The script allows you to visualize components of its calculations, both directly in Revit through red fill overrides and within the Dynamo canvas. In both cases, various added linework shows outward-facing normal and true east directions, the difference between the two angles is how the script calculates which direction that component faces. This ability to visualize the components of the script is critical to QAQC what the heck the script is seeing and calculating.
Finally, what if you want to exclude a wall or parapet that you don't want the script to calculate? There's a parameter for that. Each component now contains a checkbox "Exclude from WWR..." that will hide the component from the script.
The tool is still in development, so any feedback is highly welcomed via email to adeshpande@eskewdumezripple.com, along with any questions or issues you run into. Feel free to add to the dynamo script or excel template and share your work!
Click here to download the “EDR Glass Rose” tool and instructions on how to use it.
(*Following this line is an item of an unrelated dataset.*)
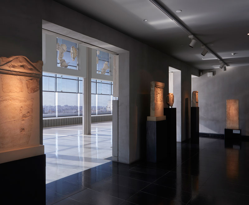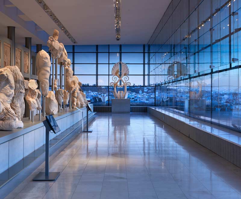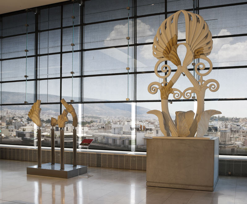Στο αίθριο και τον νότιο προθάλαμο της αίθουσας του Παρθενώνα παρουσιάζονται εκθέματα που δίνουν πληροφορίες για την κατασκευή του χρυσελεφάντινου αγάλματος της Αθηνάς Παρθένου, για τη λειτουργία του ιερού της Ακρόπολης και των δημοκρατικών θεσμών της πόλης, καθώς και για την πολιτική κατάσταση που επικρατεί στην Αθήνα την εποχή που κατασκευάζεται ο μεγάλος ναός.

Special thanks to the EDR team that developed the tool:
Aseem Desphande, Director of BIM Technologies
Z Smith, Director of Building Performance and Sustainability
Jacob Dunn, Sustainability Enabler
And special thanks to Andreas Dieckmann for his Clockwork Dynamo package, which contains the 3rd party nodes that make the script possible.
Disclaimer:
We are happy to share the tool on a no-warranty basis. We would welcome feedback but can’t provide technical support. This is a free tool, and is worth every penny you paid for it. In no event shall EDR be liable for any damages whatsoever including direct, indirect, incidental, consequential, loss of data, or loss of business profits or special damages, that may occur as a result of implementing any tool made publically available by EDR, even if EDR has been advised of the possibility of such damages.